Description
Miguel Esteva
2023-02-12 17:15:40 MST
Can you share slurmd logs from the node where you files not being cleaned up? cheers, Marcin In addition to the comment from Marcin please follow these steps. 1. Set DebugFlags=jobcontainer + debug2 2. ls -lahR of the path where the file is not being removed 3. Attach the job_container.conf 4. scontrol show job of the affected job. 5. Attach the sbatch script if any and job submission arguments. There is a small delay but the files should be cleaned up even if there is a slight delay. Hi Marcin and Jason, Saw nothing in the logs and indeed bumped slurmd logging to debug3 (then lowered to debug2). Will add JobContainer to the debug flags and share what I find. Thank you. Created attachment 28880 [details]
slurmd node logs
Hi Marcin and Jason,
Some logs from nodes that didn't clean up are attached.

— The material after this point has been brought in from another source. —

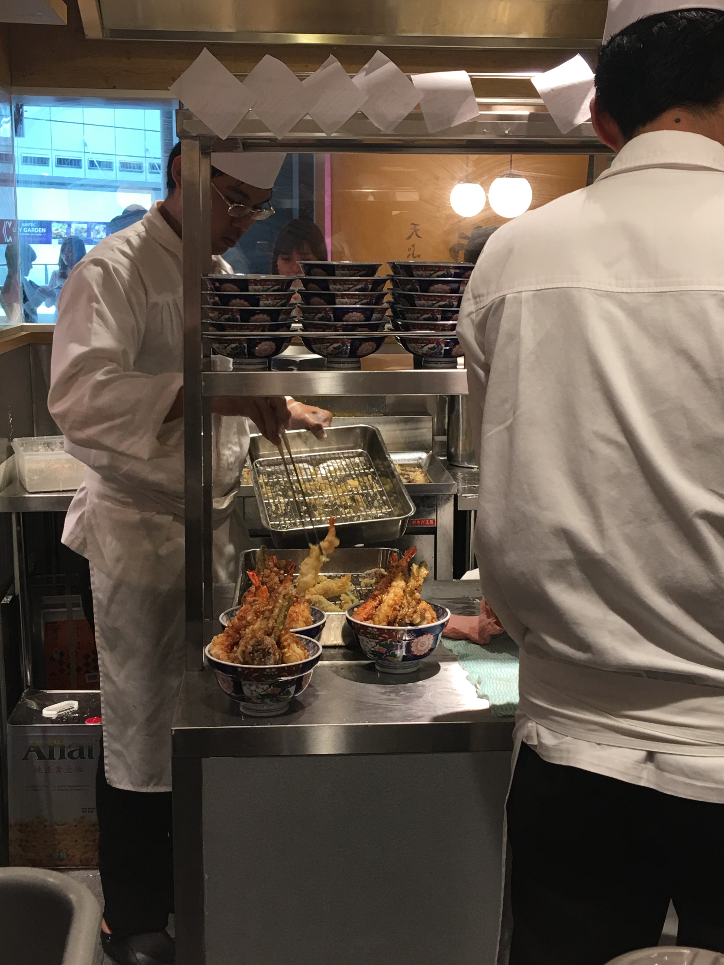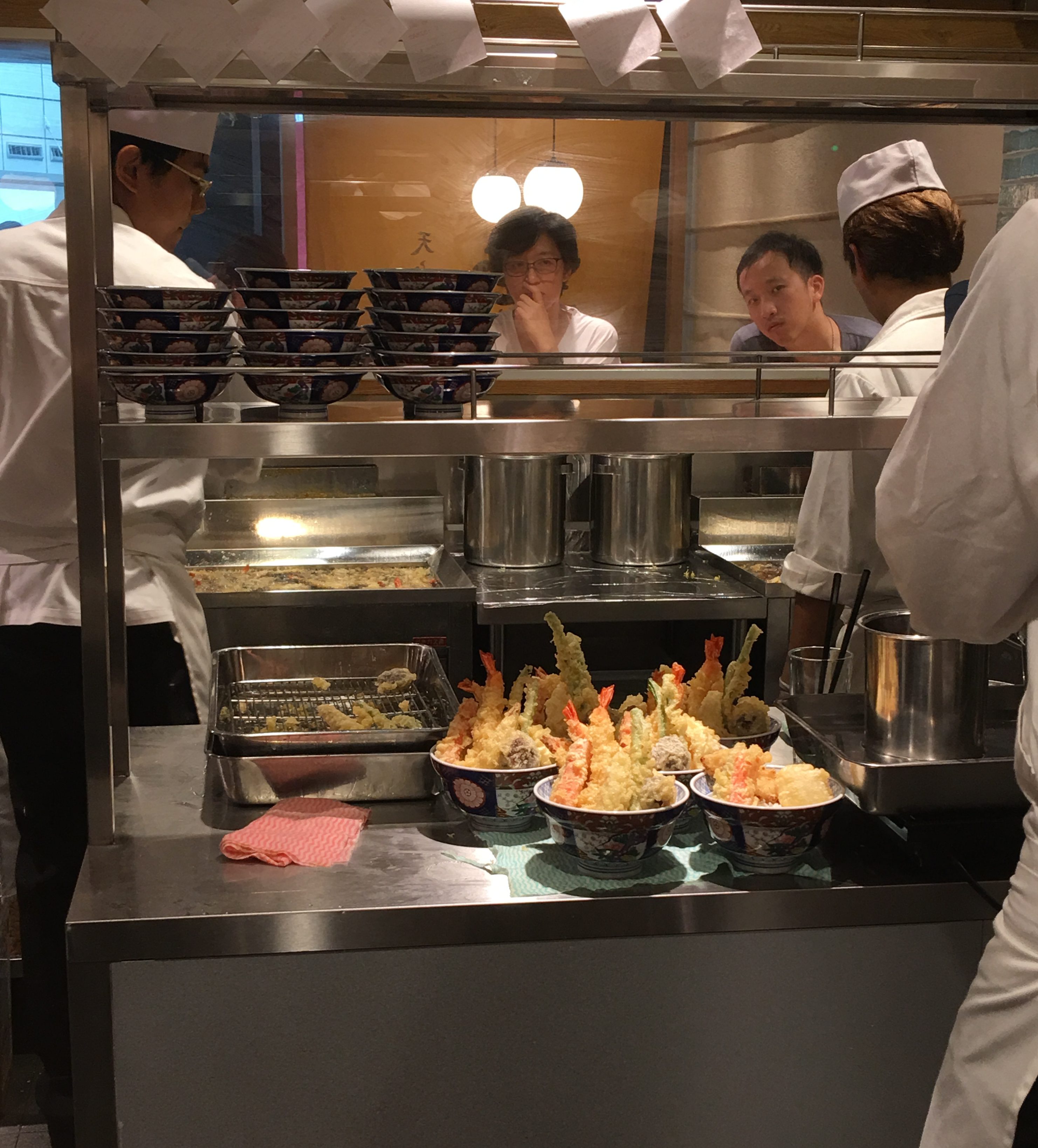 The beauty is watching the process. All tempura cooked in two frying vats on one side. Prawns are done in one, vegetables and the other items in the other.

Our job_container.conf is simply:
AutoBasePath=true
BasePath=/vast/scratch/tmp
I can see these entries:
[2023-02-16T09:25:16.576] [1362352.extern] debug2: _rm_data: could not remove path: /vast/scratch/tmp/1362352: Device or resource busy
However, even when that entry is show, I have not been able to reproduce with my own jobs, even when they were cancelled halfway. Directories get cleaned up ok. What I see from the jobs run by the users is that the majority got cancelled.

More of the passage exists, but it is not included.